How can you tell if you are a workaholic? Well, there’s one way to find out. Click here and take Dr. Robertson’s quiz.

There are physical signs of workaholism. These include Physical signs of workaholism may include headaches, fatigue, indigestion, chest pain, shortness of breath, nervous tics or dizziness. There are changes in behavior as well. The person may have temper outbursts, experience restlessness, insomnia, have difficulty relaxing, irritable, impatient, forgetful, have difficulty concentrating, experience boredom and mood swings from euphoria to depression.

Workaholics can’t be good parents because they are so focused on work. Their relationships with their children suffer as well as their relationships with their spouses. They make terrible bosses because they tend to micro-manage their subordinates and they are responsible for the morale problems among the staff–causing people to burn out, stay away from work and experience anxiety. It is believed that workaholics suffer from low self-esteem and lack of confidence.
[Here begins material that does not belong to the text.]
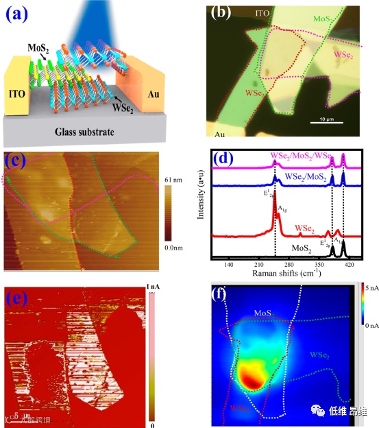 图1. PVFED器件的材料结构和特性。(a&b)PVFED器件的示意图和光学显微照片。(c)pnp器件的二维AFM图像。(d)四个不同区域收集的拉曼光谱。(e&f)在黑暗中通过c-AFM和在405 nm激光照射下通过扫描光电流显微镜绘制的PVFED器件电流成像。

In the past, workaholics have typically been men, but the problem is becoming more common among women as greater numbers of females move into upper management.

Workaholism is a serious problem. It can lead to health problems and some people say that the the physical and mental problems that stem from workaholism may cost U.S. companies as much as $160 billion per year. Dr. Robertson warns, “Workaholism destroys marriages and harms children,” We need to give workaholism the stigma it deserves.”

According to Bryan Robinson, a psychotherapist in Asheville, N.C., and professor emeritus at the University of North Carolina, Charlotte, there are four categories of workaholics. They are:

1. “The bulimic workaholic feels the job must be done perfectly or not at all. Bulimic workaholics often can’t get started on projects, and then scramble to complete it by deadline, often frantically working to the point of exhaustion — with sloppy results.

2. The relentless workaholic is the adrenaline junkie who often takes on more work than can possibly be done. In an attempt to juggle too many balls, they often work too fast or are too busy for careful, thorough results.

3. The attention-deficit workaholic often starts with fury, but fails to finish projects — often because they lose interest for another project. They often savor the “brainstorming” aspects but get easily bored with the necessary details or follow-through.

4. The savoring workaholic is slow, methodical, and overly scrupulous. They often have trouble letting go of projects and don’t work well with others. These are often consummate perfectionists, frequently missing deadlines because “it’s not perfect.”

Robinson added that “”…one thing that we do know is that workaholics tend to seek out jobs that allow them to exercise their addiction. The workplace itself does not create the addiction any more than the supermarket creates food addiction, but it does enable it. Workaholics tend to seek high-stress jobs to keep the adrenaline rush going.”

As with any addiction, there is help. There is a 12-step for workaholics. For more information, visit http://www.workaholics-anonymous.org/page.php?page=home. You can seek counselling. Speak to your boss. No corporation or business should encourage workaholism. It is an addiction that needs to be treated.

If you suspect that someone is suffering from workaholism, support her and encourage her to take the 12 step program or to seek counselling. Don’t blame her for her addiction. Support her.

There is nothing noble or admirable about being a workaholic. It causes problems in families and relationships. No one is perfect and no one likes someone who tries to be. There is more to life than work. We work to make a living not live to work. We need to take care of ourselves and not work ourselves into early graves. No more text messaging on our Blackberries or spending long hours on the computer or pouring over a mountain of paperwork. We need to leave the work at the office and spend quality time with our families.